* Input data:

>>>>>

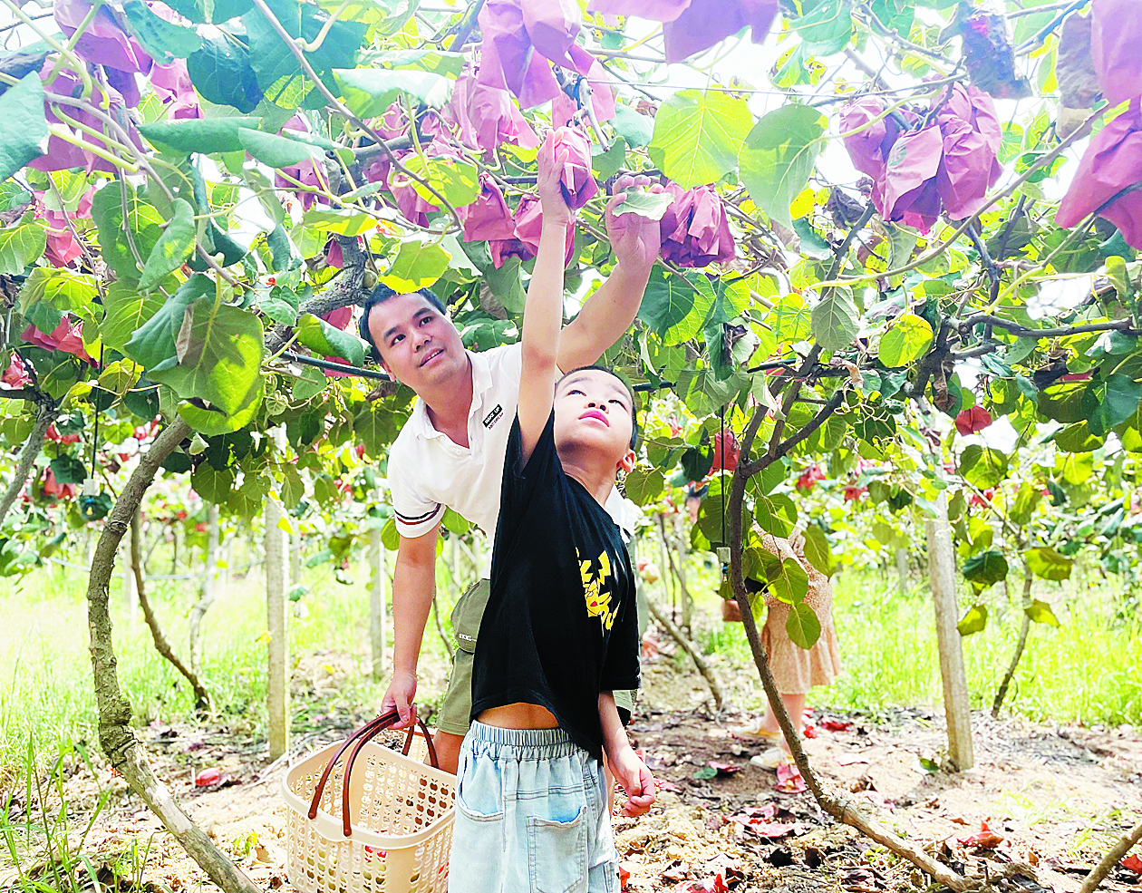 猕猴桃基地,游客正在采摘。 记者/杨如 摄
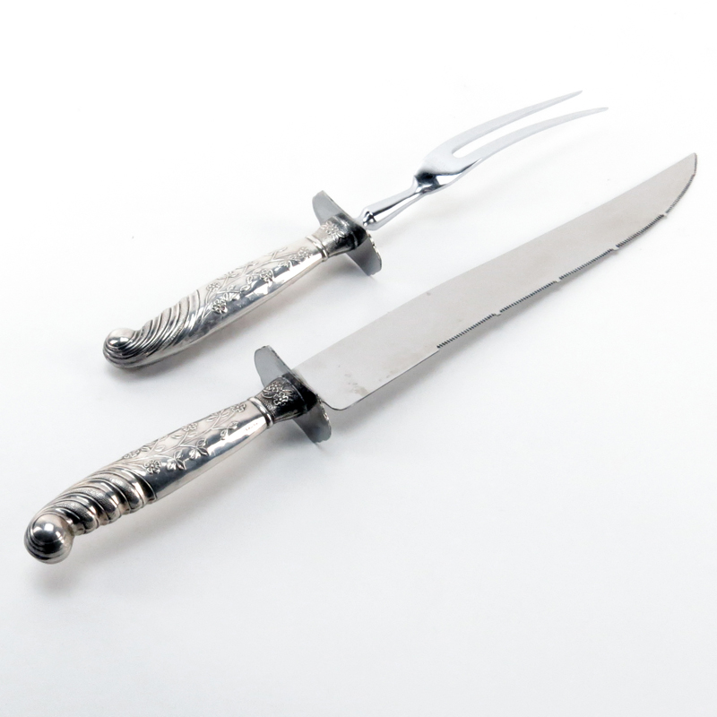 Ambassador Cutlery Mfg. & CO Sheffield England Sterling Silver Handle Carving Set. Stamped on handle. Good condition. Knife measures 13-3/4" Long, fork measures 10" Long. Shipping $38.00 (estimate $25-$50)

<<<<<
>>>>>

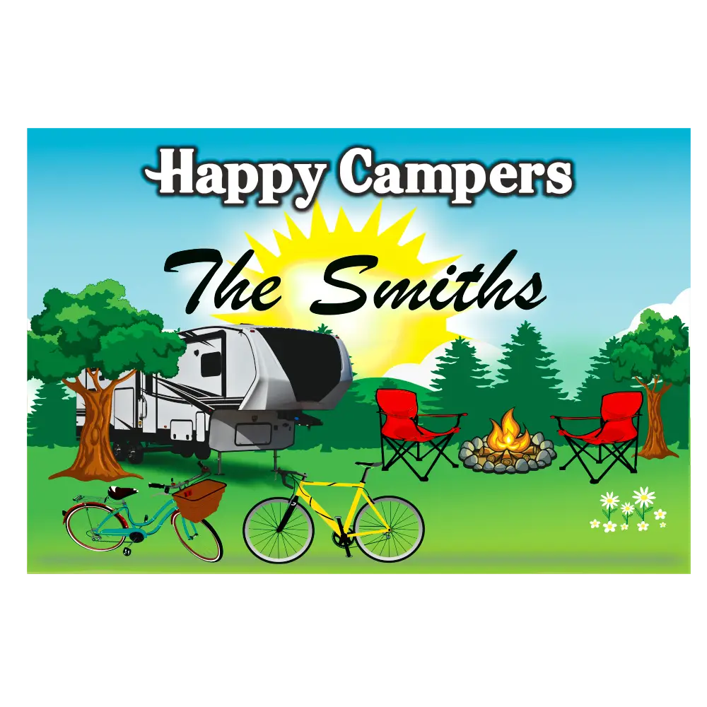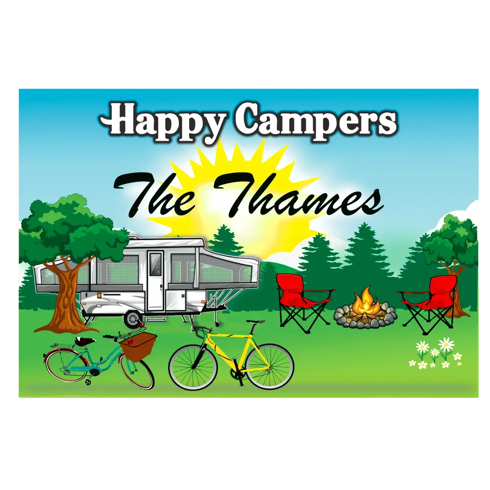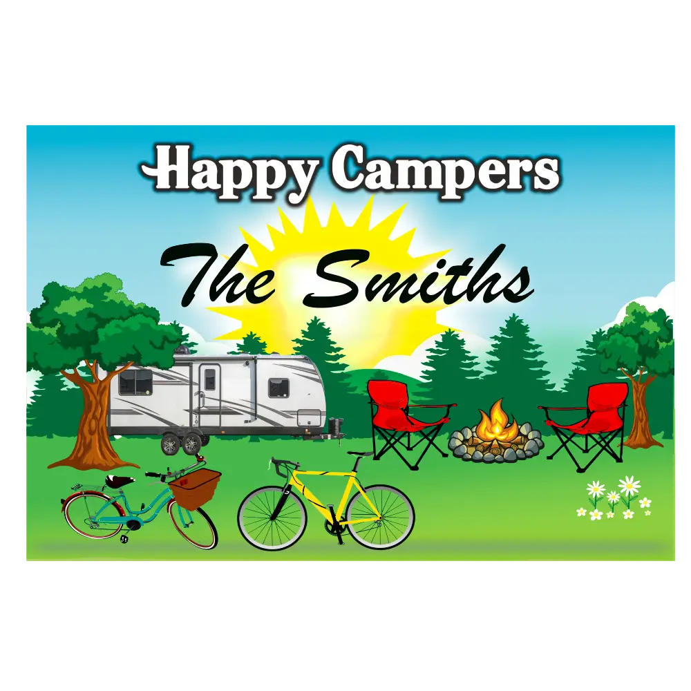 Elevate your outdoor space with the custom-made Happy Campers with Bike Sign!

<<<<<

* Activity: Please return the material above only from the line that holds "猕猴桃基地,游客正在采摘。 记者/杨如 摄" through the line that holds "Ambassador Cutlery Mfg.", exactly as it stands, ends included and pictures omitted.

* Task solution:
 猕猴桃基地,游客正在采摘。 记者/杨如 摄
 Ambassador Cutlery Mfg. & CO Sheffield England Sterling Silver Handle Carving Set. Stamped on handle. Good condition. Knife measures 13-3/4" Long, fork measures 10" Long. Shipping $38.00 (estimate $25-$50)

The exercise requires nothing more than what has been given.